Но не выдержал я и трёх дней.
Поздно вечером, крадучись, хоронясь от людей, как вор, заглянул я в её окно. Несколько дней следил за ней, скрывая лицо капюшоном, и хотя она, как и другие, была в широком чёрном плаще, я безошибочно находил её среди прочих, а она меня не замечала, и немудрено – велик мой опыт в наблюдении.
Не скажешь по ней никогда, что она ведьма, но ведьмы тем и сильны, что умеют походить на обычных людей. Она вела тихую жизнь. Но я-то знал, что делает она это лишь для того, чтоб отвести от себя подозрения.
Семь дней и семь ночей я следил за ней, а потом пришёл к ней. Нет мне прощения!
– Я знала, что ты вернёшься! – воскликнула она с радостью.
Она околдовала, опутала меня и даже не сомневалась в своей колдовской силе.
Что бы сказал мой учитель, если бы узнал, в какую западню, в какую ловушку угодил его верный ученик, с малых лет стремившийся очистить всё от скверны, освободить от дьявола, низвергнуть его в пучину, чтобы утратил он свою способность совращать людей, и снизошла на землю высшая благодать. Теперь его любимый ученик сам попустительствует скверне, укрывая ведьму, греша с ней, не имея сил от неё отказаться и отдать её в руки правосудия.
Хоть бы умерла она! Так лучше было бы для нас всех.
Хоть бы нашёлся кто-то, кто кроме меня заметил бы её колдовские свойства, хоть бы объявился кто-нибудь, кто, если сам не видел её колдовство, то слышал о нём от других, или пошла бы о ней дурная слава. Тогда правосудие простёрло бы над нею карающую длань, но свершилось бы это без моего участия. И тогда наказана бы она была по всей строгости нашего справедливого закона.
Но молчат особые выборные братья, кои должны сообщать обо всех подозреваемых в колдовстве особым эмиссарам, что путешествуют по нашей стране с благородной целью – карать отступников, – давно не заезжали они в наш край. Благодаря усердию братьев и сестёр наша местность очищена от колдунов: в один из дней мы отправили на костер 133 ведьмы, ибо развелось их огромное множество. Мы повелели выстроить для них печь гигантских размеров. И роль моя не последняя в очищении от ведьм. Но одна всё-таки уцелела, ловко спрятавшись, пробралась ко мне, а я не имею сил быть денунциантом. И не знаю, что может заставить меня быть им, и уж, конечно, не награды, к коим я всегда был равнодушен, а она к тому же бедна, и её имущество, какое отойдет к денунцианту, ценности не имеет.

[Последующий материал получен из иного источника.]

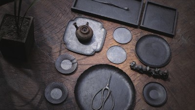 刚开始“造铁” 很困难,首先是难以找到合适的材料。铁制茶器所需的原材料都是特定铁片,经过雨水侵蚀有良好的肌理。遍访各地搜集来原料后,设计也要根据每一张老铁片的特质做出相应的形态调整。而在设计制作过程中,敲打定形要用到辅助工具。然而国内却无法买到合适的工具,只能在摸索实践的过程中,自己设计出合适的辅助工具。最后经过纯手工一锤一锤敲出定型,因此每一件器皿都是独一无二的。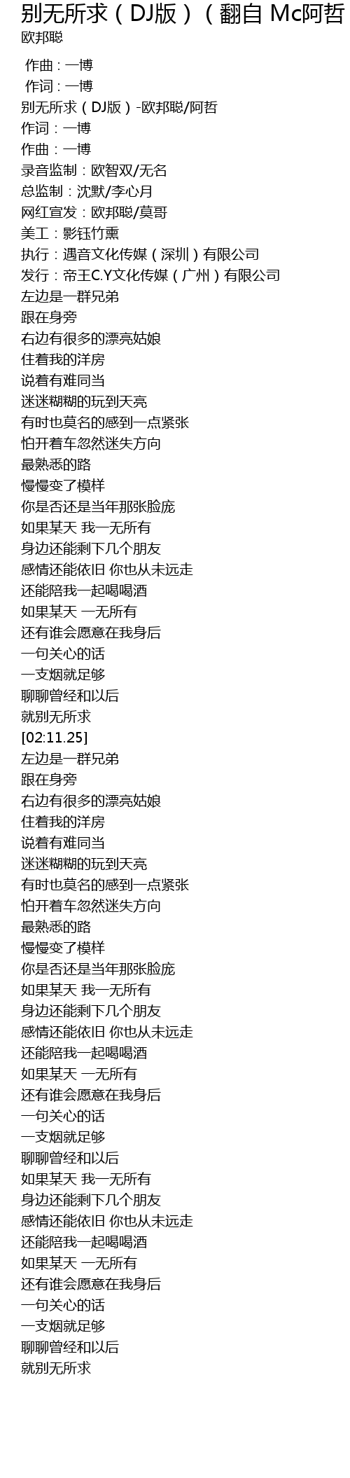 | [00:00.61] | 别无所求(DJ版)-欧邦聪/阿哲 |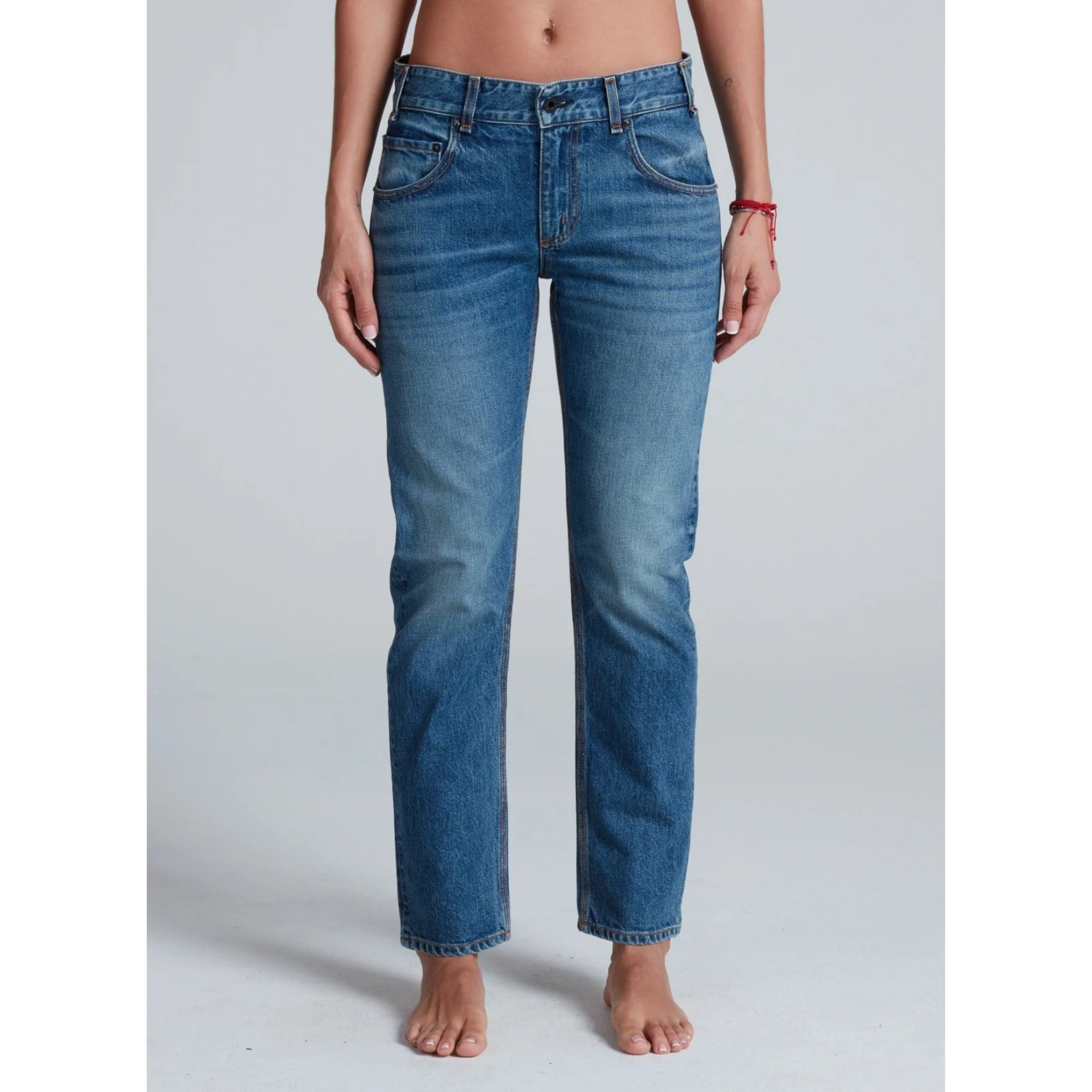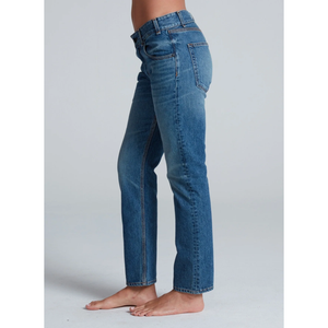 meet the derby jean in chill from ASKK NY. this modern slim-straight jean features a mid-rise and ankle-grazing length, designed to fit close through the hips with a straight, easy leg, crafted from japanese denim. finished in a versatile wash, it’s an effortless everyday staple that works with sneakers, sandals, or heels.

О, хоть бы умерла она! Но тогда мы не узнаем имена её сообщников по колдовской секте, без которых не творят своих злодеяний ведьмы. Под пытками она бы созналась, и мы бы открыли целое гнездо колдунов и их приспешников, ибо мы ведаем не только явным колдовством, но и всем, что к нему относится или может быть отнесено.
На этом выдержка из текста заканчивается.